> Task to carry out: Only the lines from the top of the listing below to the line that has "Es besteht die" should be echoed, with both ends kept and pictures left out.

★ ★ ★ ★

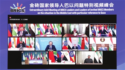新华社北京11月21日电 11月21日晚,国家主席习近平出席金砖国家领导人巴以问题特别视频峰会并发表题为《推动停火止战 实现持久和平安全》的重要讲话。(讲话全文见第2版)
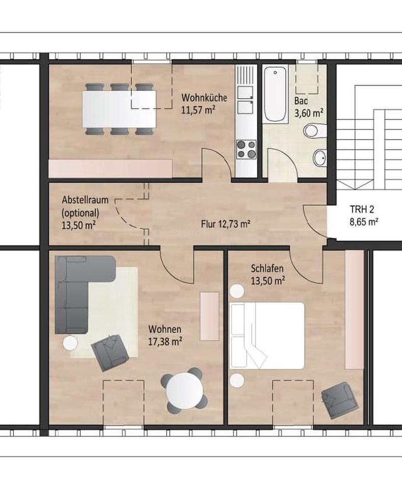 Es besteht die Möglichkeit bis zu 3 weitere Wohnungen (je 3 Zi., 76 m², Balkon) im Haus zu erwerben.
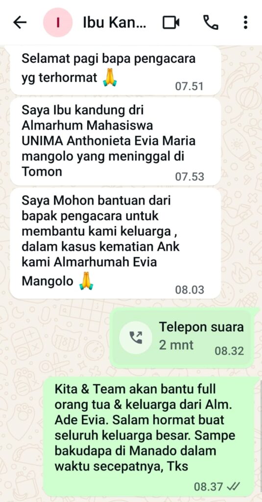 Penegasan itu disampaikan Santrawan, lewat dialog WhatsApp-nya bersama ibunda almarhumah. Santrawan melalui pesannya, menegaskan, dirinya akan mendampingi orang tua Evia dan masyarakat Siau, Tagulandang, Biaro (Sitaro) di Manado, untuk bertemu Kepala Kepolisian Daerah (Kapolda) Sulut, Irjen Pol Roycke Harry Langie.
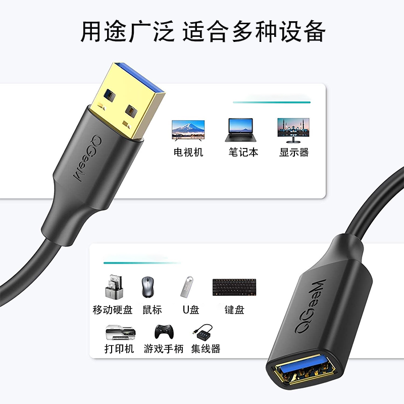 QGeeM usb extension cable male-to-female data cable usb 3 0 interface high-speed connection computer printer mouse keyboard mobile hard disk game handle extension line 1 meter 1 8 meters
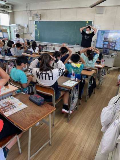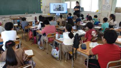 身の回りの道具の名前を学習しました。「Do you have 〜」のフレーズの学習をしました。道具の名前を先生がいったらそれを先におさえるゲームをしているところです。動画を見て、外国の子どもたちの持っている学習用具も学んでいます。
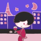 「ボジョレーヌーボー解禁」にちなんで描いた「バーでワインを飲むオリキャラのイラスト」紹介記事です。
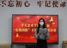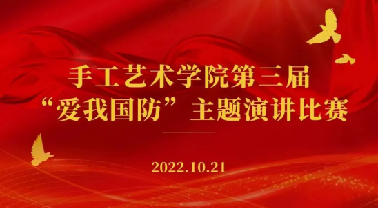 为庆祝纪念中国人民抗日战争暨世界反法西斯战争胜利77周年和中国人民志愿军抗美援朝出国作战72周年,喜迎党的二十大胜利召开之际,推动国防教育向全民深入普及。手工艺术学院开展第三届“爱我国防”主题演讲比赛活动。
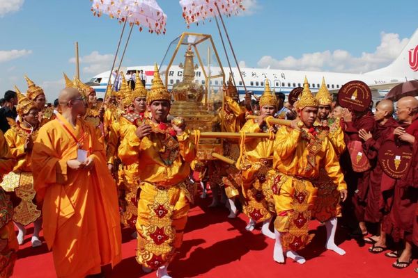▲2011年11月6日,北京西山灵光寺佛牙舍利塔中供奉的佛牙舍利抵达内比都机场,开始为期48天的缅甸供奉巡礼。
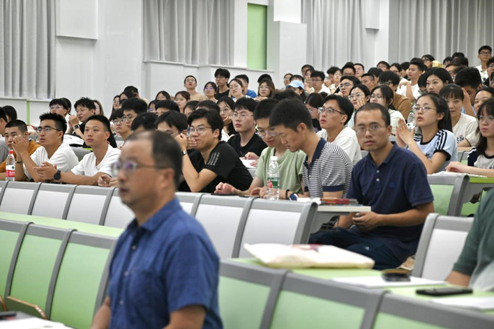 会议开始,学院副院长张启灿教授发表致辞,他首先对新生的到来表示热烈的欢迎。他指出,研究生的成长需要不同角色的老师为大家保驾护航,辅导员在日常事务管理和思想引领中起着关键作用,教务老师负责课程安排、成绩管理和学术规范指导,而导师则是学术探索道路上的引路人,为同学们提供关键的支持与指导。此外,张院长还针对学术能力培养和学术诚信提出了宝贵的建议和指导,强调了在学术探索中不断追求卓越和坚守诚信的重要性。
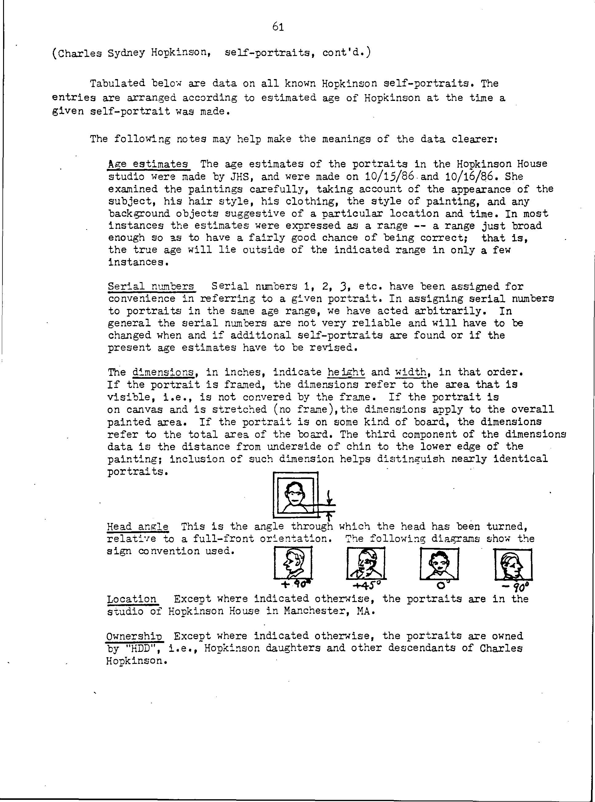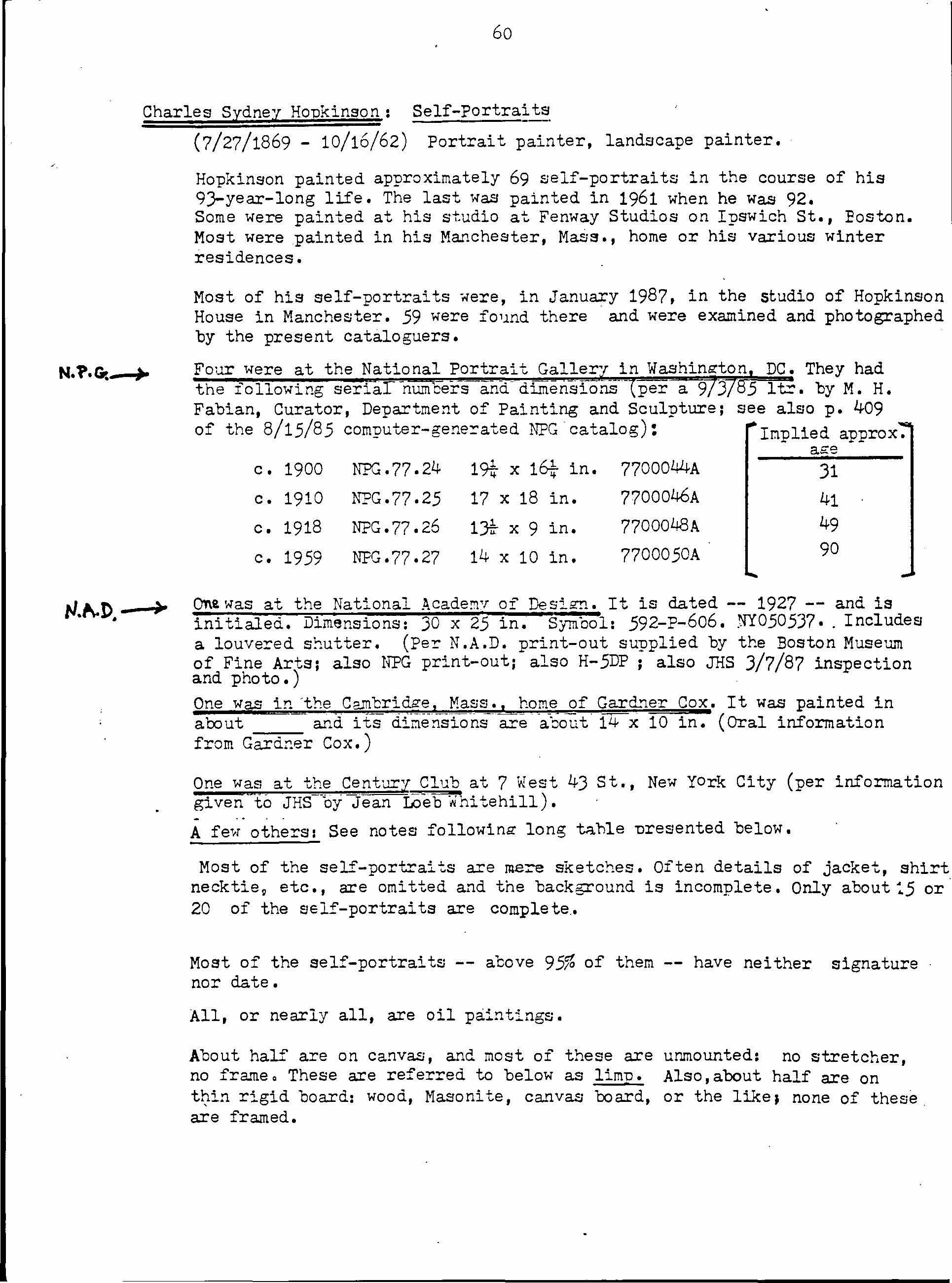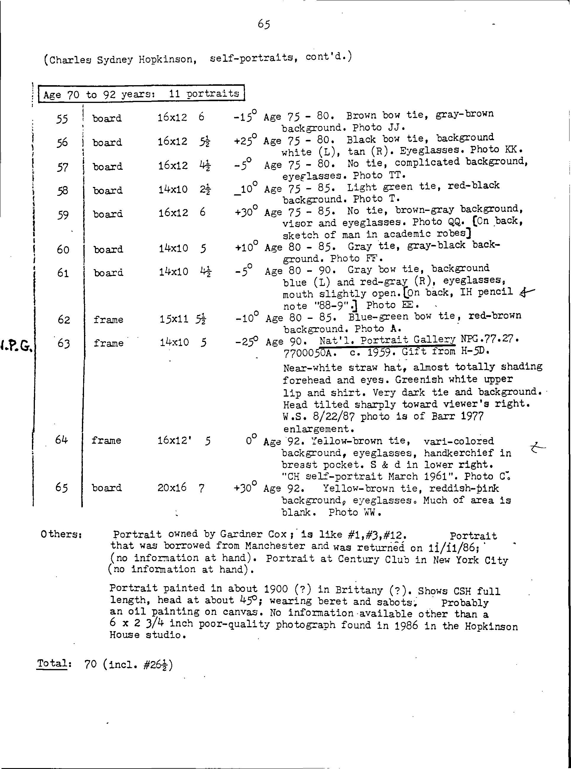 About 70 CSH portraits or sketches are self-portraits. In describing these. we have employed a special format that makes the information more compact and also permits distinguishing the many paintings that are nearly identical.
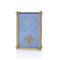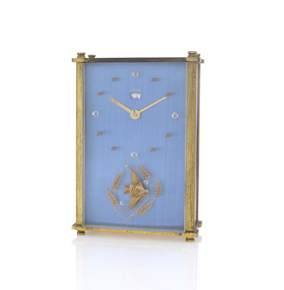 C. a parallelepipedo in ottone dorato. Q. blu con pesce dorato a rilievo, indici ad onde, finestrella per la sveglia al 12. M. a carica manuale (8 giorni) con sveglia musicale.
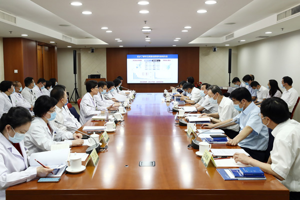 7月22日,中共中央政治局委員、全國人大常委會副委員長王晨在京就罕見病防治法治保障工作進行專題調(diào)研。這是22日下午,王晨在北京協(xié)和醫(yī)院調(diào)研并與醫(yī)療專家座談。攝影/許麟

★ ★ ★ ★

> Result:
新华社北京11月21日电 11月21日晚,国家主席习近平出席金砖国家领导人巴以问题特别视频峰会并发表题为《推动停火止战 实现持久和平安全》的重要讲话。(讲话全文见第2版)
 Es besteht die Möglichkeit bis zu 3 weitere Wohnungen (je 3 Zi., 76 m², Balkon) im Haus zu erwerben.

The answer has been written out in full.